I would like to see the result of:

evaluate(tree1, X[train, :], y,
        resampling=CV(; nfolds=6, shuffle=nothing),
        measure=[log_loss, auc],
        verbosity=1)
evaluate(tree2, X[train, :], y,
        resampling=CV(; nfolds=6, shuffle=nothing),
        measure=[log_loss, auc],
        verbosity=1)

jling · November 3, 2022, 5:29pm

here’s the result:

evaluate(tree1, X[train, :], y[train],
        resampling=CV(; nfolds=6, shuffle=nothing),
        measure=[log_loss, auc],
        verbosity=1)
┌────────────────────────────────┬───────────┬─────────────┬─────────┬──────────
│ measure                        │ operation │ measurement │ 1.96*SE │ per_fol ⋯
├────────────────────────────────┼───────────┼─────────────┼─────────┼──────────
│ LogLoss(                       │ predict   │ 0.511       │ 0.00473 │ [0.516, ⋯
│   tol = 2.220446049250313e-16) │           │             │         │         ⋯
│ AreaUnderCurve()               │ predict   │ 0.831       │ 0.00608 │ [0.823, ⋯
└────────────────────────────────┴───────────┴─────────────┴─────────┴──────────
res.per_fold
2-element Vector{Vector}:
 [0.5156692322207046, 0.5148959990683522, 0.5016058812139339, 0.5142813858720531, 0.508294783136379, 0.5092500658411819]
 Any[0.8230607740610442, 0.8246094193656129, 0.8414543292511101, 0.8274620221394415, 0.8349777148818776, 0.8316299858331504]

#########################################

evaluate(tree2, X[train, :], y[train],
        resampling=CV(; nfolds=6, shuffle=nothing),
        measure=[log_loss, auc],
        verbosity=1)
┌────────────────────────────────┬───────────┬─────────────┬─────────┬──────────
│ measure                        │ operation │ measurement │ 1.96*SE │ per_fol ⋯
├────────────────────────────────┼───────────┼─────────────┼─────────┼──────────
│ LogLoss(                       │ predict   │ 0.49        │ 0.00448 │ [0.493, ⋯
│   tol = 2.220446049250313e-16) │           │             │         │         ⋯
│ AreaUnderCurve()               │ predict   │ 0.844       │ 0.00445 │ [0.84,  ⋯
└────────────────────────────────┴───────────┴─────────────┴─────────┴──────────
res.per_fold
 [0.49313997400549425, 0.4960096759426803, 0.48619524416447407, 0.49555493107760795, 0.4851382554812855, 0.48597214007449996]
 Any[0.8401277524445331, 0.8384721512647232, 0.8486174757494099, 0.8400657842593326, 0.8494939978226504, 0.8480602057851294]

jling · November 3, 2022, 5:32pm

this is not gonna work, the training set will be part of our final evaluation set.

Unless, I do cross training and evaluate data only in the model that hasn’t seen it? is that legal?

samuel_okon · November 3, 2022, 7:14pm

What I’m suggesting is doing cross validation on the training dataset. The test dataset isn’t used here.

jling · November 3, 2022, 7:21pm

in the end the training dataset and test set both must be used.

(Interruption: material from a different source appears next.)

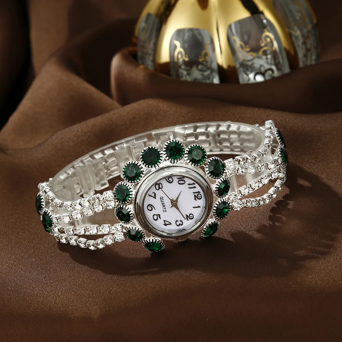 Εντυπωσιακό 5κομμάτιο γυναικείο σετ “Άνεμος” από ανοξείδωτο ατσάλι με πράσινο ζιρκόν, που περιλαμβάνει ρολόι, βραχιόλι, κολιέ, σκουλαρίκια και δαχτυλίδι. Ιδανικό για κομψές και λαμπερές εμφανίσεις.
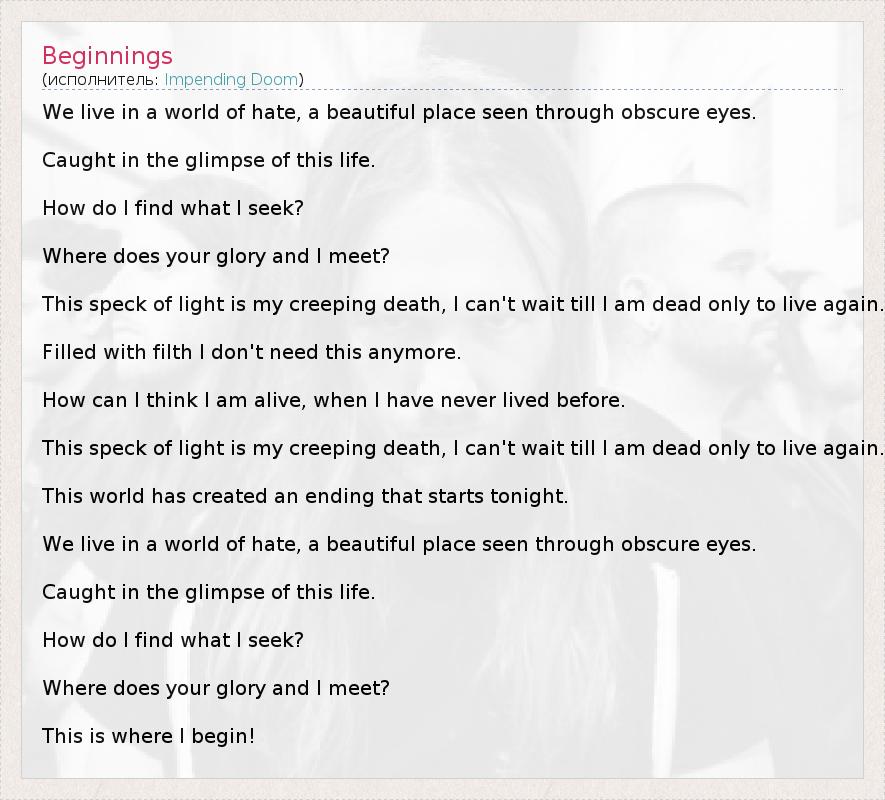 Это интересно:История Impending Doom начинается с 2005-го года, после совместных усилий вокалиста Брука Риверса и гитариста Мэнни Контрераса. В том же году на собственные средства группа записала демо - "The Sin and Doom of Godless Man" при поддержке независимого лейбла IWitness Media.Состав группы довольно часто менялся, и, чаще всего, музыкантам приходилось испытывать дефицит ударников, пока к их составу не присоединился... продолжение

say, I only have 10k data points and I have to use all 10k in the end, so if I CV on 9k and test on 1k, the gap between 9k and 1k still matters because in the end 90% of the data will have fake high performance

jeremiedb · November 4, 2022, 12:27am

The reinforce what I think @samuel_okon is suggesting, a typical setup would involve considering 3 types of data: train, eval and test.
Let’s assume that out of this 10k, 2k are to be used as test data. Then, on the remaining 8k oservations, you could perform 4-fold CV. Each of the 8K observations would be assigned to one of the 4 CV bucket. Then for each of the 4 CV, a model is fitted on 6K data until it starts overfittnig on the 2k eval data. The selected model would be the one which consistently produced best performance throughout the 4 CVs. Then final assessment would be done on the 2k test that was initially set aside by training the selected model on the full 8K training data.

It’s still possible to assess performance on the training data by looking at the metric of each CV model on their eval data. However, this is exposed to some bias as typically, the early stopping cireteria comes from the performance on that eval data, hence there’s some information leakage.

jbrea · November 4, 2022, 9:21am

If you only want to find the best hyperparameters, you don’t need to split into training and test data, but you can use all the data to do cross-validation. If you want to find the best hyperparameters and compute an estimate of the test error, you can use e.g. nested cross-validation.